Search code examples
dataframef#deedle

Deedle F# - Find the max rows within an index group


I am trying to get the difference between the first and last values within groups in a deedle data frame. I am stuck at trying to get the max and min values for each point. I have a dataframe sorted by "TimeStamp", grouped by "Test" and with a column called "Value" of type float. For example with the following data:

Test1,2018/01/01 => 3
Test1,2018/01/02 => 5
Test1,2018/01/03 => 15
Test1,2018/01/04 => 25
Test1,2018/01/05 => 35
Test2,2018/01/01 => 5
Test2,2018/01/02 => 15
Test2,2018/01/03 => 15
Test2,2018/01/04 => 25
Test2,2018/01/05 => 30

I expect a result of

Test1 => 32    (35-3)
Test2 => 25    (30-5)

I assume I can use something like

input |> applyLevel fst Stats.maxBy |> Frame.ofRows
input |> applyLevel fst Stats.minBy |> Frame.ofRows

but I can not seem to get it to work no matter the combinations.

Thank you in advance


Solution

  • To test this, I saved your sample data in a CSV file in the following format:

    Category, Timestamp, Value
    Test1, 2018/01/01, 3
    Test1, 2018/01/02, 5
    Test1, 2018/01/03, 15
    Test1, 2018/01/04, 25
    Test1, 2018/01/05, 35
    Test2, 2018/01/01, 5
    Test2, 2018/01/02, 15
    Test2, 2018/01/03, 15
    Test2, 2018/01/04, 25
    Test2, 2018/01/05, 30
    

    Now, I think the issue with using Stats.max and Stats.min is that they return option which is None when the series is empty - this sadly makes it impossible to pass them directly to applyLevel (I admit this is a bit inconvenient design)
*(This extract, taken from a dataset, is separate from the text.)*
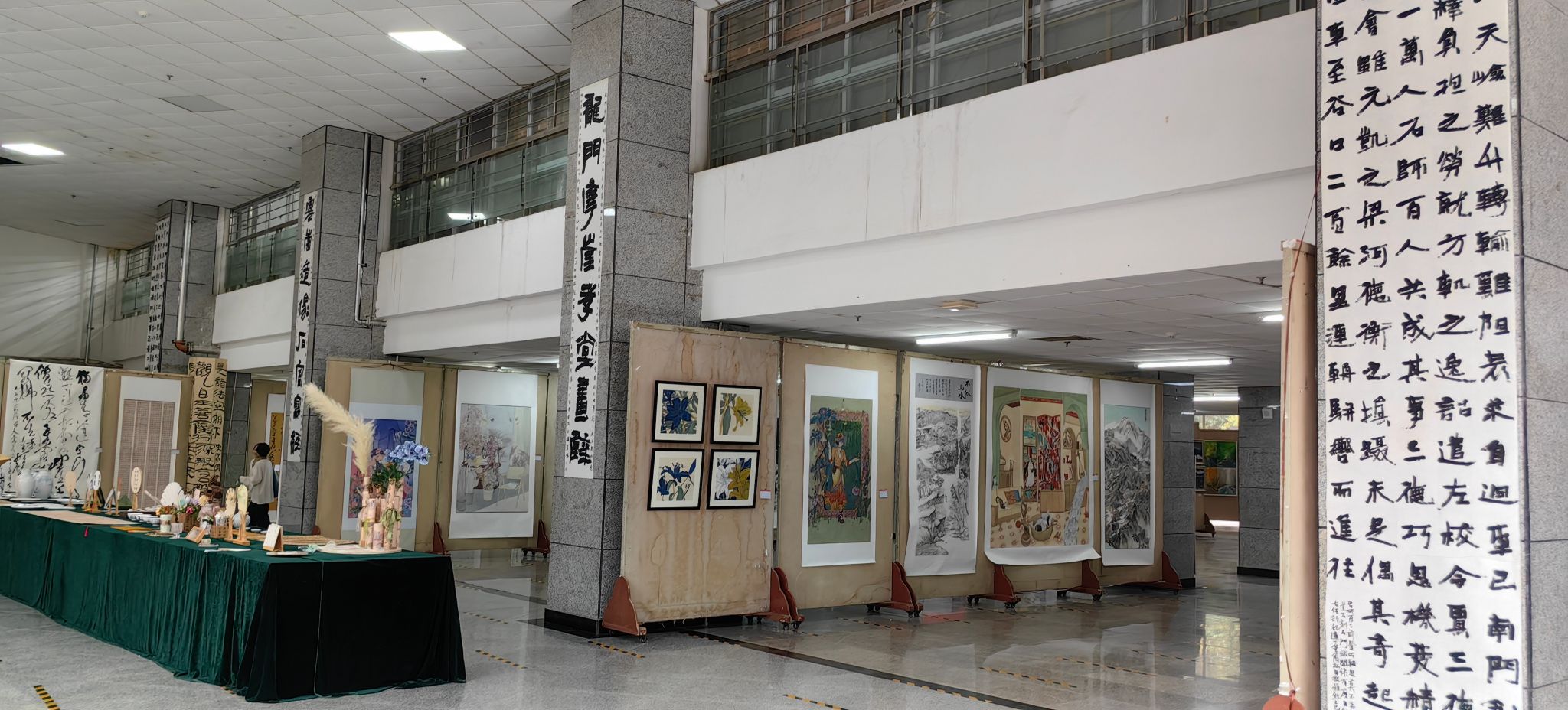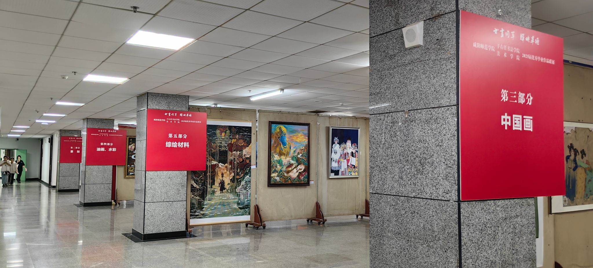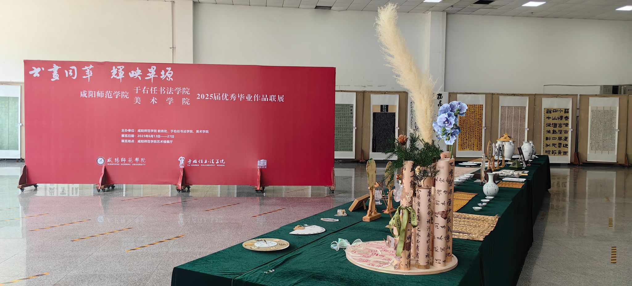 展览“书法”展区,荟萃了60余幅毕业生精心创作的佳作。作品篆、隶、楷、行、草五体兼备,反映出同学们的传统功底与创作追求。在表现形式上,既有承载千年文脉的条幅、对联、扇面等经典形制,也不乏融汇当代审美意趣的创新性文创作品。这些作品是对公司“植根秦汉文化沃土,高扬师范教育旗帜,传承书法经典,彰显文化担当”这一核心教学理念的直观诠释。展览充分体现了公司在育人过程中强调的“传承性”、“师范性”与“地方性”特色,彰显了其致力于培养“品端志远、艺精学高、身正气和、修养全面、形象儒雅”的中华优秀传统文化传承者与弘扬者的坚定目标。

    However, you can pass a custom function to applyLevel, which also allows you to do both min and max at the same time:

    Frame.ReadCsv("sample.csv")
    |> Frame.groupRowsByString "Category"
    |> Frame.applyLevel fst (fun s -> 
        match Stats.min s, Stats.max s with
        | Some lo, Some hi -> hi - lo
        | _ -> nan)
    

    This reads the CSV file (which will introduce a new ordinal key), then it groups the data by category (which gets you a data frame with row key string * int) and then we aggregate all rows with the same string key using applyLevel fst. The custom function gets minimum and maximum of the value series and subtracts it (the case with nan would only happen if you had some missing values in s).